* [EXERCISE PROMPT] The answer must be every entry below, word for word, with the pictures left out.

[Extracted records]
^^^^^^^^^^^^^^^^

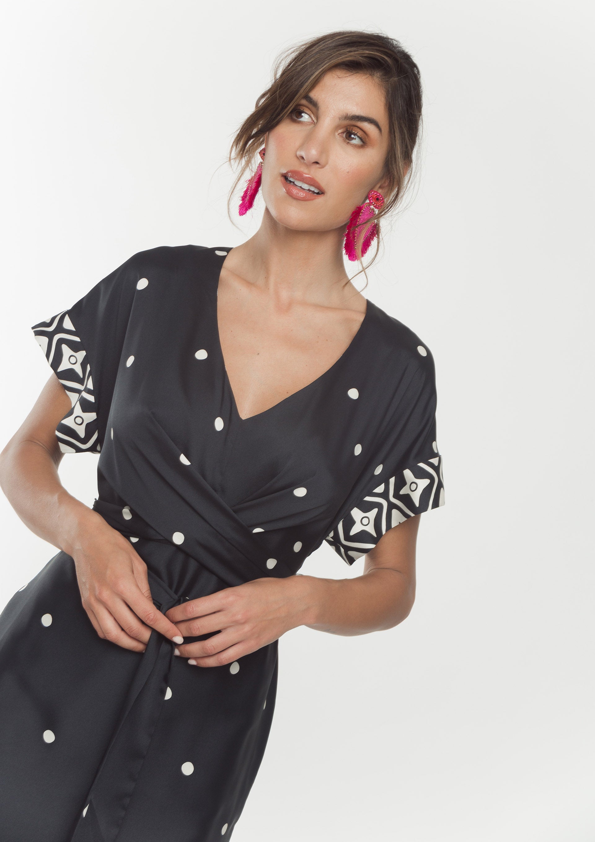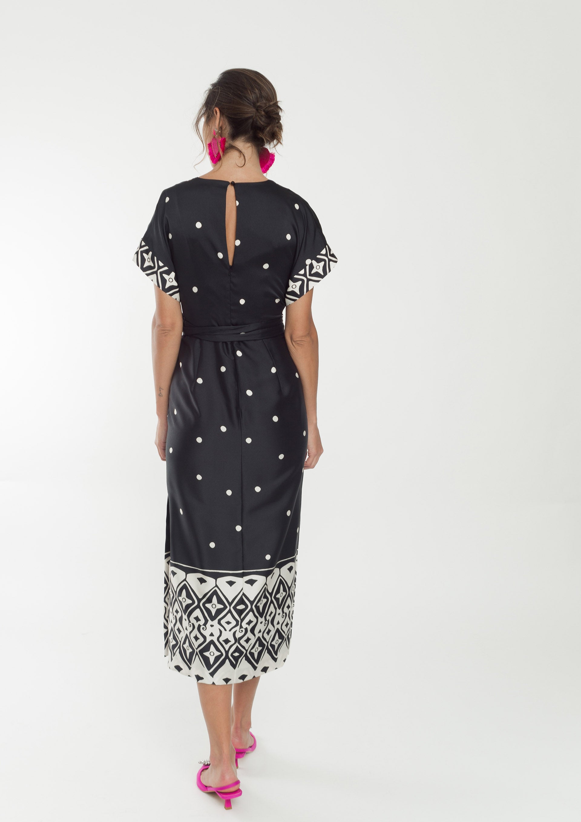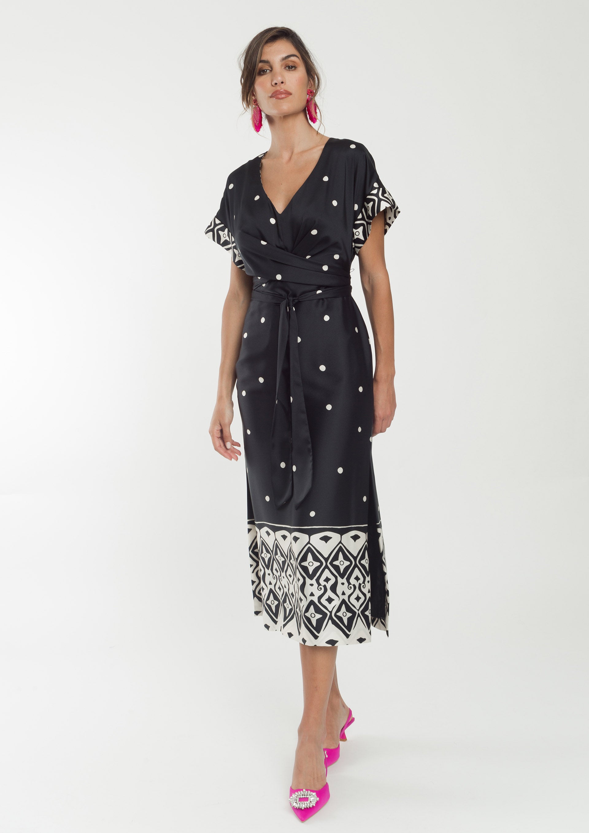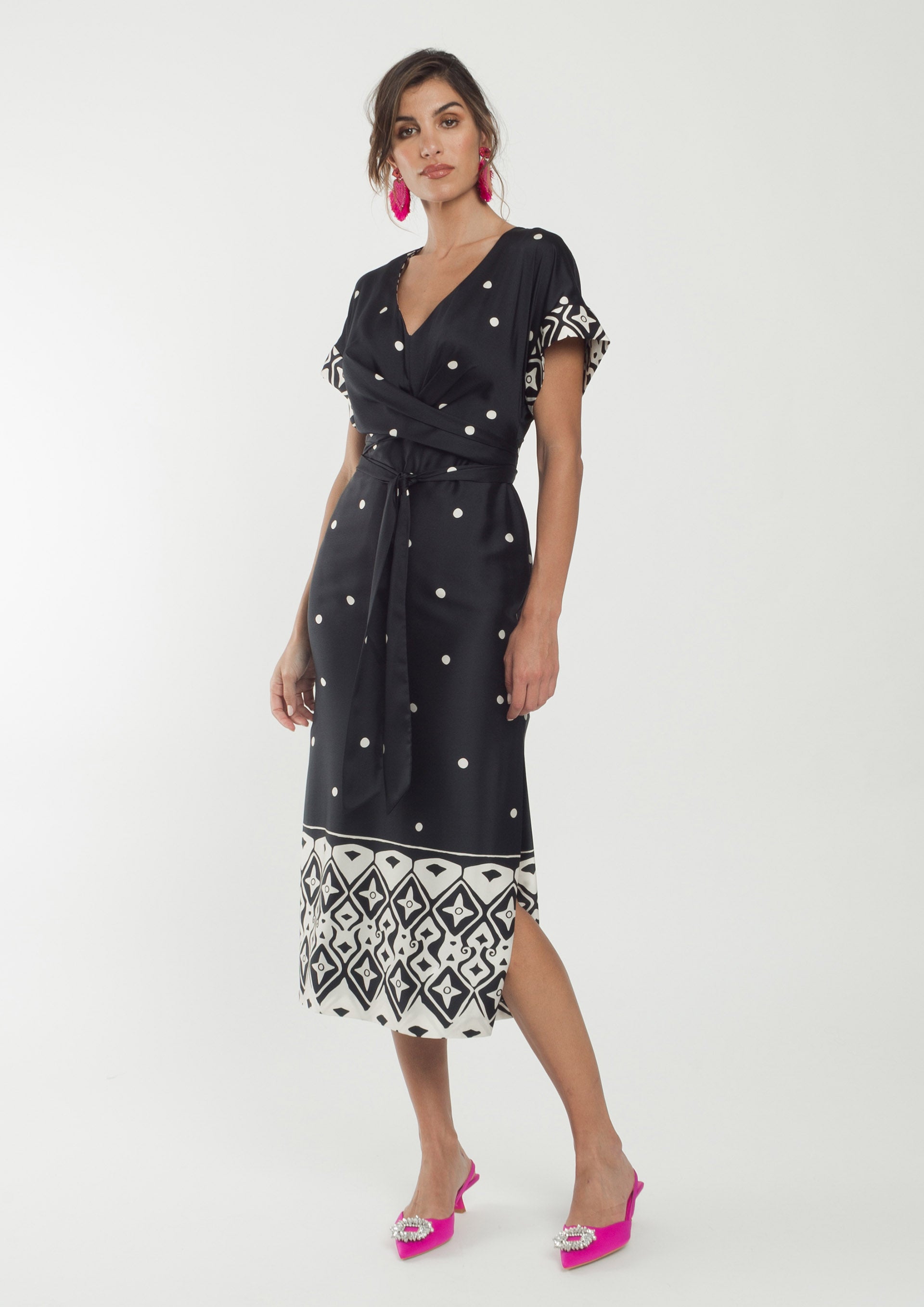 Vestido midi, aberto do lado, com decote em V, à frente, com manga quimono.
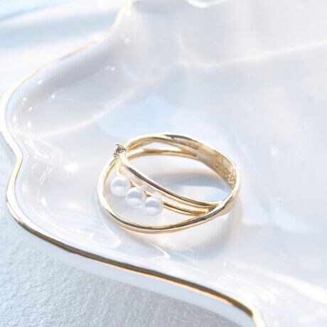 ゆったりとしたシルエットのリングに、3石のパールとビジューがさり気なく輝きを添えます。
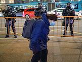 Несогласованная акция против специальной военной операции на Украине на Невском проспекте у Гостиного двора. Утром 24 февраля президент России Владимир Путин во время срочного обращения в прямом эфире объявил о начале специальной военной операции на Донбассе. Донецкая и Луганская Народные Республики на фоне обострения ситуации объявили 18 февраля об организации выезда населения в Россию, 19 февраля - о всеобщей мобилизации граждан. Сотрудники полиции во время оцепления места проведения акции.
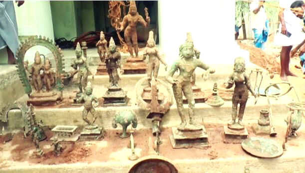 நாகப்பட்டினம் அருகே கோவில் சீரமைப்பின்போது மண்ணைத் தோண்டியுள்ளனர். அப்போது மிகவும் பழங்கால ஐம்பொன் சிலைகளும் பூஜைப் பொருட்களும் கிடைத்து வருவது அப்பகுதி மக்களிடையே பரபரப்பை ஏற்படுத்தியுள்ளது.
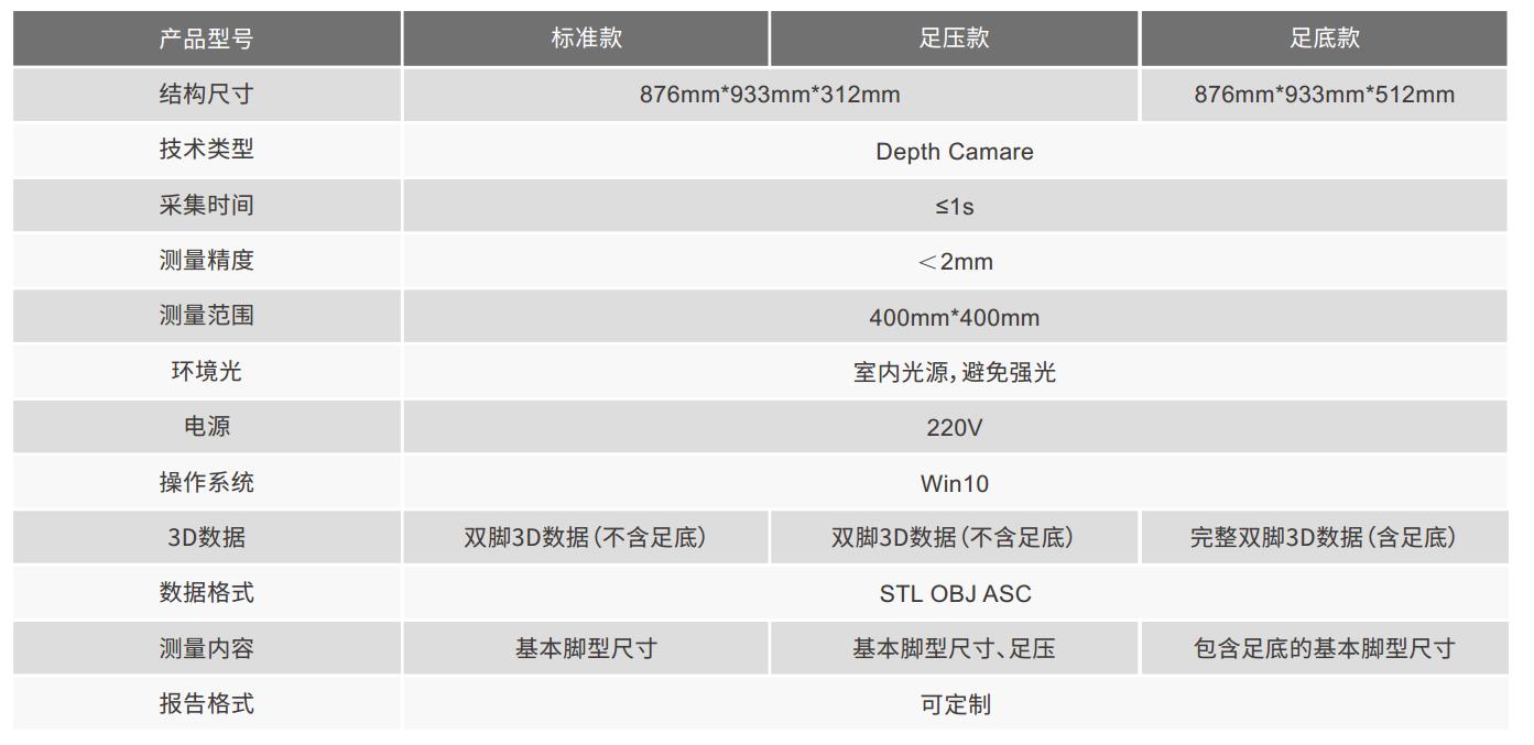 采用先進(jìn)的數(shù)字圖像相關(guān)匹配技術(shù),多測頭同步控制與采集,可在0.2s內(nèi)完成人體三維腳型重建,有效解決了由于足部晃動而引起的掃描誤差。

^^^^^^^^^^^^^^^^

* [FINAL ANSWER]
 Vestido midi, aberto do lado, com decote em V, à frente, com manga quimono.
 ゆったりとしたシルエットのリングに、3石のパールとビジューがさり気なく輝きを添えます。
 Несогласованная акция против специальной военной операции на Украине на Невском проспекте у Гостиного двора. Утром 24 февраля президент России Владимир Путин во время срочного обращения в прямом эфире объявил о начале специальной военной операции на Донбассе. Донецкая и Луганская Народные Республики на фоне обострения ситуации объявили 18 февраля об организации выезда населения в Россию, 19 февраля - о всеобщей мобилизации граждан. Сотрудники полиции во время оцепления места проведения акции.
 நாகப்பட்டினம் அருகே கோவில் சீரமைப்பின்போது மண்ணைத் தோண்டியுள்ளனர். அப்போது மிகவும் பழங்கால ஐம்பொன் சிலைகளும் பூஜைப் பொருட்களும் கிடைத்து வருவது அப்பகுதி மக்களிடையே பரபரப்பை ஏற்படுத்தியுள்ளது.
 采用先進(jìn)的數(shù)字圖像相關(guān)匹配技術(shù),多測頭同步控制與采集,可在0.2s內(nèi)完成人體三維腳型重建,有效解決了由于足部晃動而引起的掃描誤差。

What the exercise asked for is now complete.